Cool Jazz

Mack Scogin describes his firm’s recent dormitory at Tulane University as a project that needed “to come from within itself”-one wherein the designers made no attempt to “bring in external issues” or “burden the design with concerns that might be ‘hot’ in architecture currently.” Their goal was to draw on a difficult site, a tightly defined program, a venerable institution, and a colorful locale to create a fresh and appropriate building that had the distinctiveness and particularity of other student housing projects the architects admired. Alvar Aalto’s Baker House at the Massachusetts Institute of Technology and Eero Saarinen’s Morse and Stiles Colleges at Yale served as inspirations, not for their specific configuration or overall architectural image, but for their attitude toward accommodating the fragile and complex life of a college dormitory and its context in an open-minded, responsive manner.

One of the early design issues that demanded this kind of careful response involved a serious conflict between town and gown over the site for the dormitory, a narrow parcel with its long west face backing up to the historic Audubon Boulevard neighborhood. At first, homeowners could not imagine any circumstance under which student housing could reside comfortably across their back fences. But by creating a long, thin building on the western edge of the site, with its quiet face to the neighborhood and its lively face to the campus, the architects established a boundary condition that satisfied both, university and neighborhood interests.

Dubbed the “ranges” after the second tier of buildings off the lawn at the University of Virginia, this oddly configured combination of private flats and two-story lofts with exterior access demonstrates how constraints have generated an appealing idiosyncrasy throughout the project.

Indeed, a circumstantial quirkiness seemed to the architects to be very much in the spirit of New Orleans, which Scogin describes as being all about mystery. Though clear enough in plan, the dormitory’s ensemble of buildings – the “ranges,” plus three larger, donut-shaped “houses” – generates an enigmatic series of in-between courts, gardens, patios, and terraces that provoke the kind of surprise and discovery for which the Crescent City is famous.
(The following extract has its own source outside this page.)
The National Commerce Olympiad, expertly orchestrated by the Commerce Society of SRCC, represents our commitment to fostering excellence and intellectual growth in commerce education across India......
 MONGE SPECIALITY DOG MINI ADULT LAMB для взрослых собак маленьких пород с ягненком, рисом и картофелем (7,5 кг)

Each of the three buildings strung along the east side of the site centers on a tall, top-lit garden lushly planted with palms and aspidistra to resemble the “secret” courts of the French Quarter. The soft Louisiana St. Joe brick, tall windows with interior wood shutters, generous balconies, and careful metalwork details also root the complex firmly in its locale.
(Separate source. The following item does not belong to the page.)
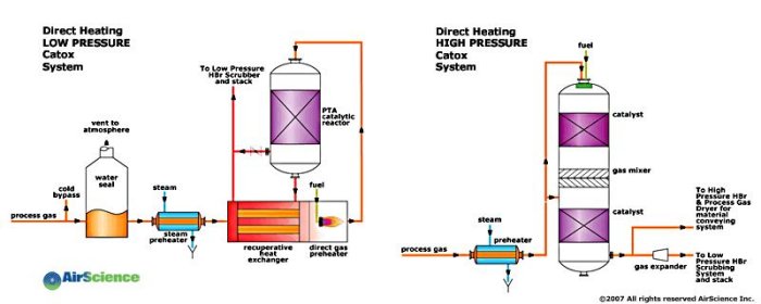 AirScience produces catalytic oxidizers for high and low pressure applications. For high pressure applications AirScience has a proprietary flameless in situ burner that is simpler and more economical than the traditional external hot gas generator and heat exchanger.

The life that occurs here has the distinctive flavor and feel of New Orleans as well. Students sunbathe and read on the grassy lawns in front of the ranges and barbecue in the spacious courts between the buildings. Brian Jones, who operated the dormitory in its first year for the university’s Office of Residential Life, applauds the project’s abundant outdoor spaces,noting, “There are always people out on the balconies. A third of our students are from the Northeast, and they really enjoy a 75-degree January day.”

Jones is equally enthusiastic about the way the dormitory’s design accomplishes the client’s goals in terms of facilitating a sense of community inside the buildings. The three primary buildings accommodate about 100 students each and are currently programmed to house interdisciplinary living/learning units. Each floor of 25-30 students has a kitchen, lounge, laundry, study room, and terrace clustered together to encourage casual encounters at a more intimate scale. Generous private rooms with 10-foot exposed concrete ceilings and custom movable furniture vary widely in shape, size, and arrangement to emphasize individual identity within the larger whole.
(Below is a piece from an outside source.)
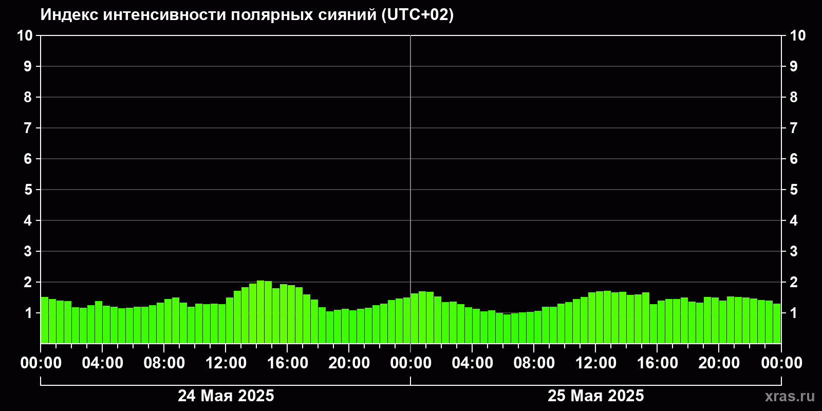 Изменения индекса интенсивности полярных сияний с 2025-05-24 по 2025-05-25 по местному времени

Mack Scogin and Merrill Elam, along with former partner Lloyd Bray and local associate Wayne Troyer, have created a remarkably livable and endearing little jewel out of a building type that is generally characterized by crudeness and over-systemization. By superimposing a simple vocabulary of brick and stucco walls punctuated by taut glass onto an idiosyncratic set of volumes, they achieve strong visual interest with an economy of means. They do so in a context that has a rich tradition of taking a solid melody and improvising with riffs and flourishes to generate richness and complexity. The design process has resulted in a fresh and sophisticated architectural expression that makes magic out of the constraints of its program and place.